Let yourself feel the occasional resentment, just don't drown in it
There's nothing wrong in feeling that bit of bitterness from time to time. I sporadically have pangs of resentment when seeing single friends go out for a nice dinner or when my husband takes on an exciting challenge at work. I'm no longer the career girl with crazy hours who enjoys an after-work drink with friends without having to plan it a month in advance. Every day I rush home from work to jump into ‘mommy mode', but when I come home to my kid licking the window while the other one is laughing hysterically at her feet, I wouldn't want it any other way. I think we all look back at certain moments in our past with much fondness, but nostalgia doesn't mean we'd want to do it all over again. And of course, having kids does not mean you have to become a total shut-in, because that too, is a choice.
Sacrifice is a team effort
There is usually not one party sacrificing more than the other and the most important aspect is to be part of a team. Before making one of the biggest changes in my life, my husband and I chose to rank our jobs and make a conscious decision about which one to prioritize (future opportunities, financial input, location, etc.). We opted to follow his career while I put mine on hold, but the decision was made together. Where I have given up a lot for him, he has most certainly given up a lot for me as well. Certain situations might call for more flexibility from you, whereas other times will depend on the efforts from your partner. It's a quid pro quo game and keeping count will only build resentment and competition. Being part of a united front helps you battle the challenges together as each part counts…. no one needs to be the martyr.

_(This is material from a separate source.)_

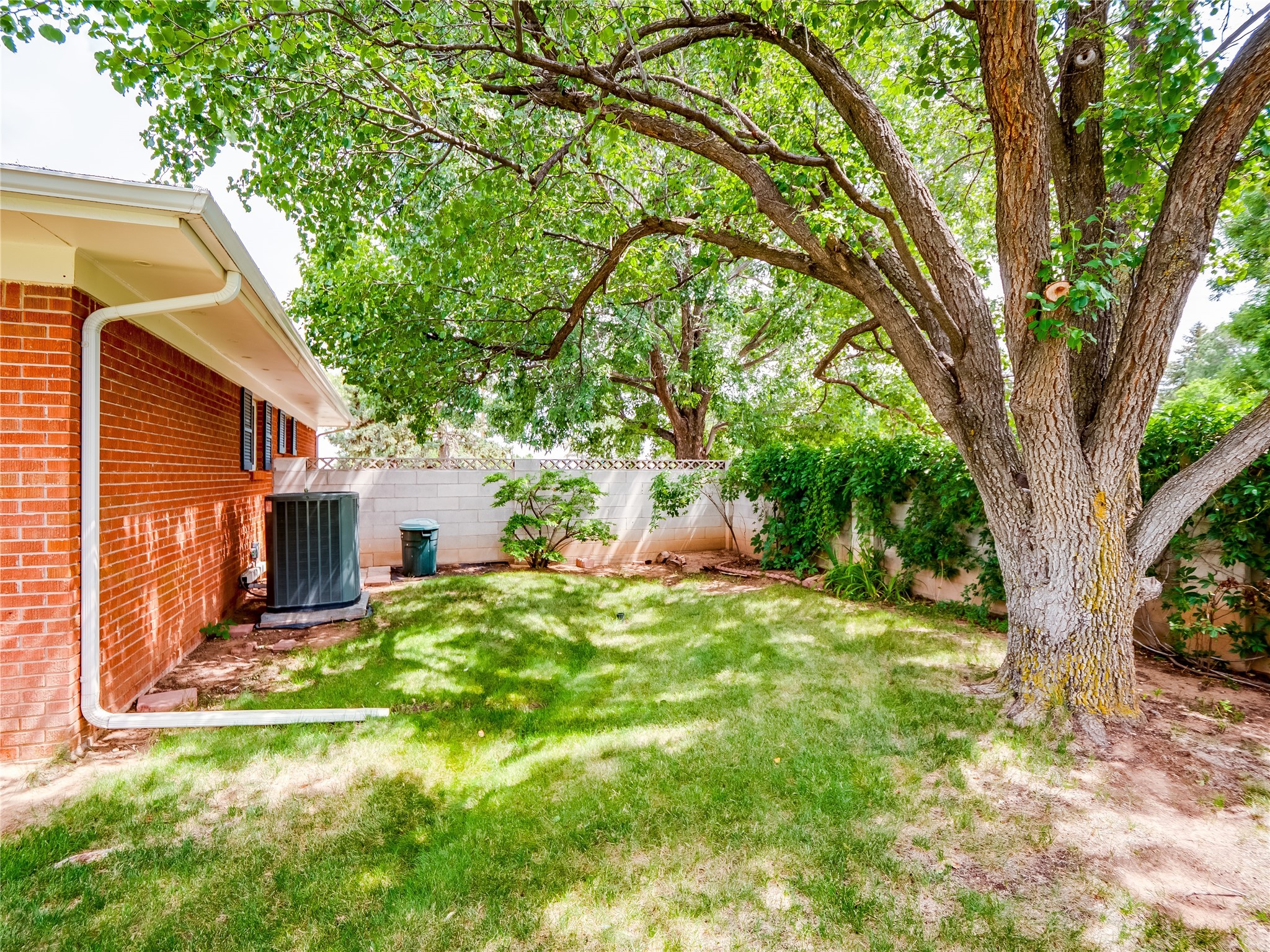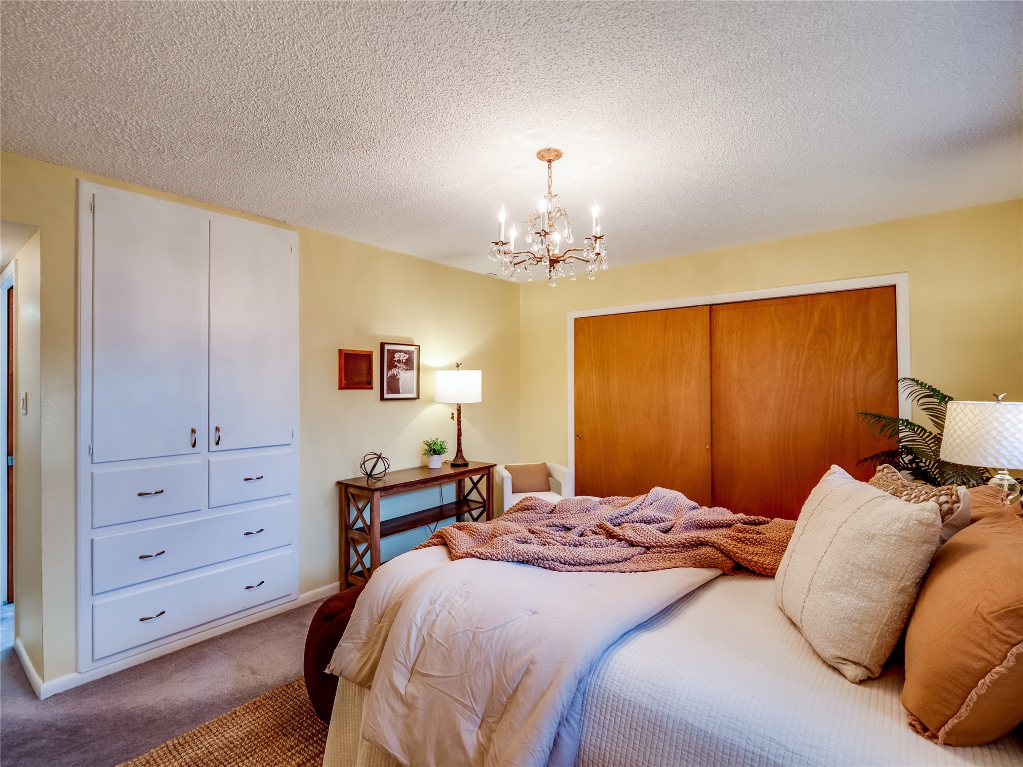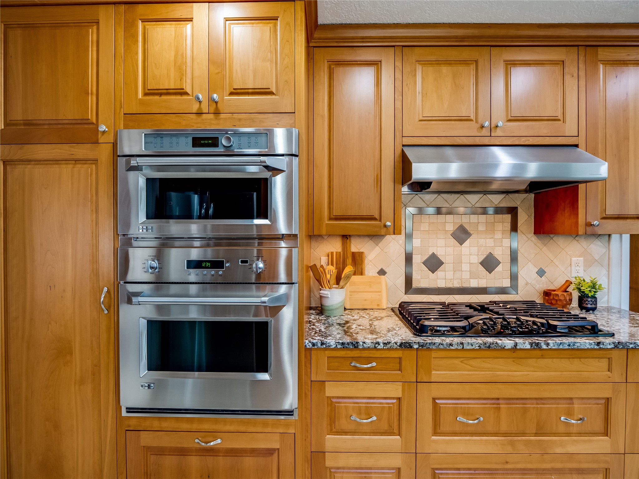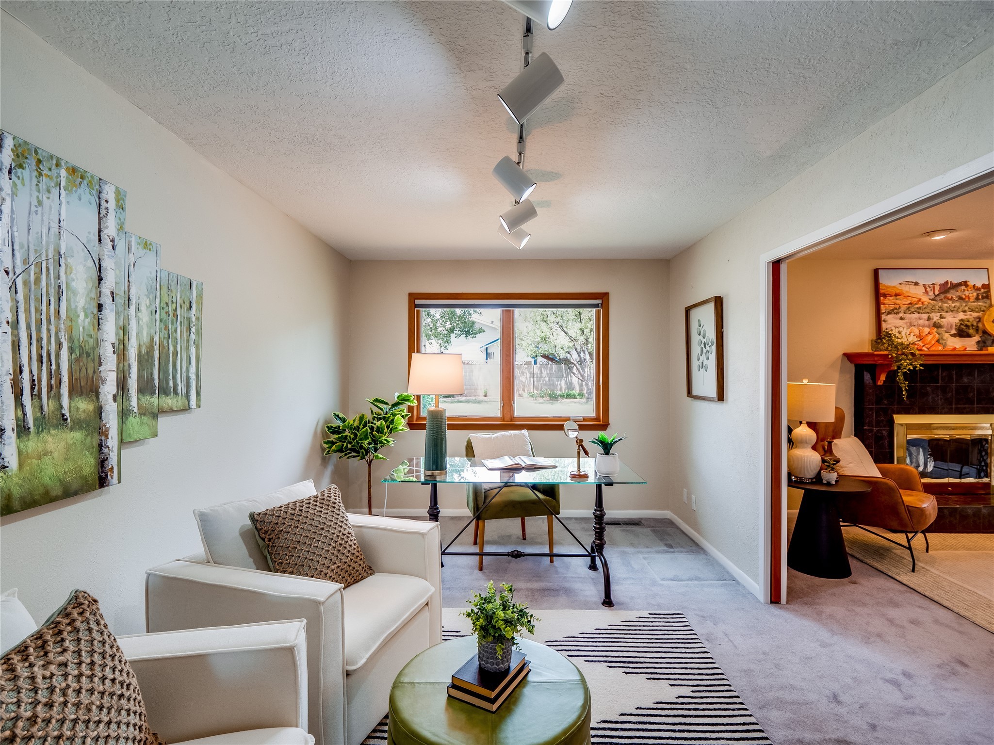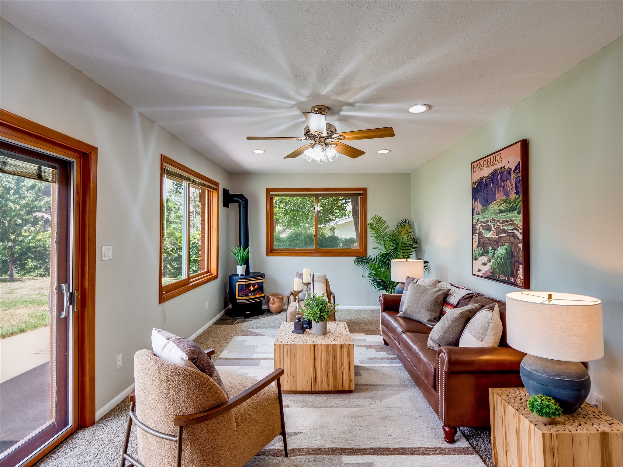 This beautifully remodeled custom Ranch-style home sits on a spacious corner lot with a meticulously maintained front yard. Step inside through the tiled foyer and into the expansive living and dining area, where plush carpeting and a wood-burning fireplace create a warm and inviting atmosphere. Just off the living space, a step-down family room with a cozy gas stove and sliding glass doors provides direct access to the backyard. The heart of the home is the gorgeous remodeled galley-style kitchen, complete with cherry wood cabinets and chrome hardware, granite counters, a travertine tile backsplash, and stainless steel appliances including a five-burner gas stove and double oven. Off the breakfast nook there's a hidden laundry closet with a stackable washer and dryer. Access to the two-car garage with a workbench, attic storage, and EV charging outlet. A private office/den sits just off the living area behind elegant glass pocket doors. Down the hall, you'll find two nicely sized guest bedrooms, and a beautifully appointed guest bathroom with a marble-topped single sink vanity and a soaking tub. The spacious primary en-suite is a true retreat, featuring a large closet, built-in drawers and cabinets, and a chandelier that adds a touch of sophistication. The spa-like bath includes a double sink vanity with granite counters and chrome fixtures, radiant floor heating, built-in cabinetry, and a beautifully tiled walk-in shower with a glass enclosure. This home has been thoughtfully upgraded with a new roof, updated electrical panel, central air conditioning and heating unit, a new water heater, and more. The expansive backyard is a private haven with a lush lawn, colorful flower garden beds, mature fruit trees, ideal for entertaining or quiet enjoyment. Multiple access gates, including a wide side gate with a concrete pad for RV parking and more. With thoughtful design, high-end finishes, and impressive upgrades throughout, this move-in-ready home is a rare find!

For me, I know I won't exactly have the career I had before. Combining it with my new priorities and objectives as a mother, it's just not something I could sustain. However, I know I have more to offer still and this isn't the end of the road just yet …exciting adventures lie ahead. I'm taking on more challenges as my small children continue to grow and become more independent. In the meantime, I'm going to enjoy these little rugrats and the bearded lover who is the absolute cheese to my macaroni, and be grateful for all that I have.
I might not have it all, but it's more than I need, and for that I feel like the luckiest one.